I assume that there is a marketplace for these pieces. Usually it's not a single actor that goes and takes an operation from zero to monetization. There are layers, there is a supply chain. One part of the supply chain are those people who just created botnet, create the volume. And then people are buying that access… on the darknet… [They] don't have to start from scratch. So I think that for criminal hacking, this is going to be the method of operation.

The blog post that the device manufacturers haven’t rushed to fix the issue, and some didn’t think SSID Stripping constituted a big security issue? Why do you think that is?

I'm not surprised. I think the first instances of Punycode URL… were handled with the same approach. “What are the security implications? What could possibly go wrong?” And I think they don’t realize – and I have to say, it took me a while to realize this as well – that it really is the equivalent of [Punycode phishing] URLs. This is kind of phishing for wireless networks.

I think we as security community, do not realize yet that there's a lot of risk, about wireless, in a way that we're not used to think of... There is more to wireless security than the security protocol of your wireless network.

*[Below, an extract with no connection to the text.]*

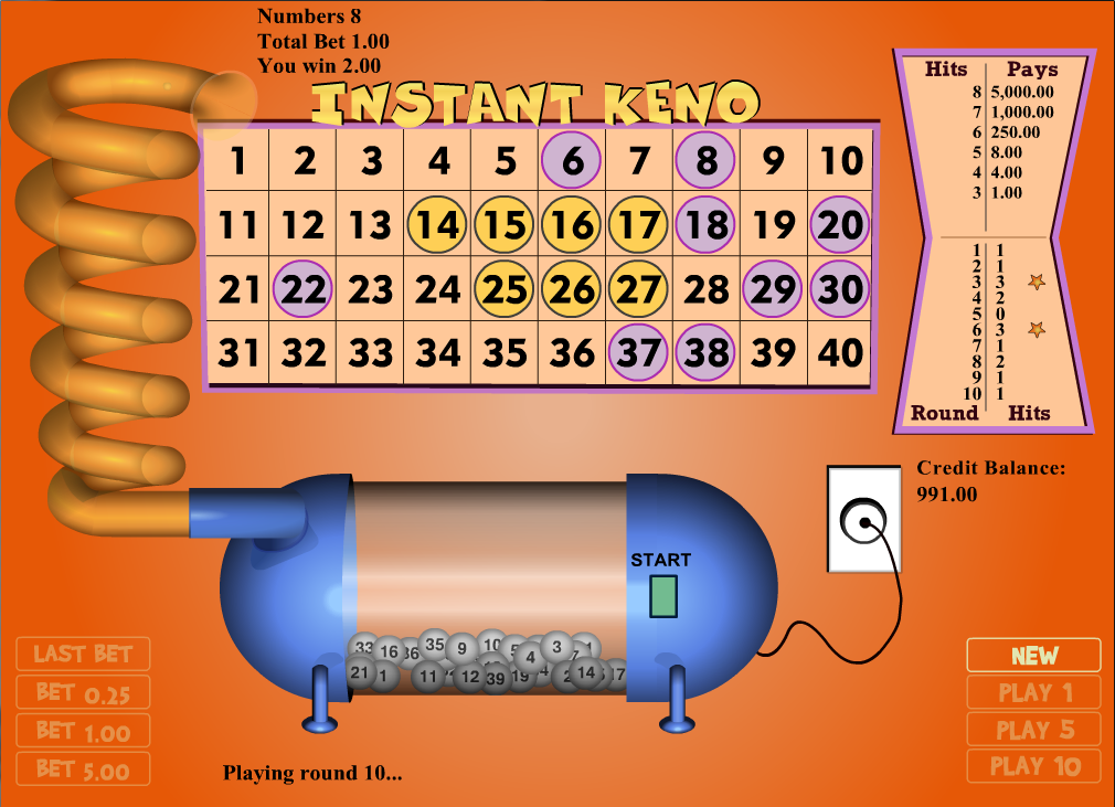 يختار اللاعب من 3 إلى 10 أرقام من 1 إلى 40 ثم تقوم اللعبة باختيار 10. كلما زاد عدد الأرقام التي يسحبها الكازينو والتي تتطابق مع اختيارات اللاعب، كلما فاز أكثر.

And I think we've seen that over the past year, we're seeing more and more severe vulnerabilities in the implementation and in sometimes the design of the wireless network communication.

What could device users and manufacturers do to protect themselves?

If you are a vigilant user and you don’t get the same user experience you're used to when connecting to a standard network, get suspicious. Try to understand why you didn't get the same user experience. Why did it not connect automatically? How many users can actually do that? I don't know.

I think that for vendors, for many of the techniques that we show, they should make the display explicit, certainly non-printable characters. I personally think that a lot of the characters… could also be either explicitly marked, or even not accepted when it comes to networks’ names.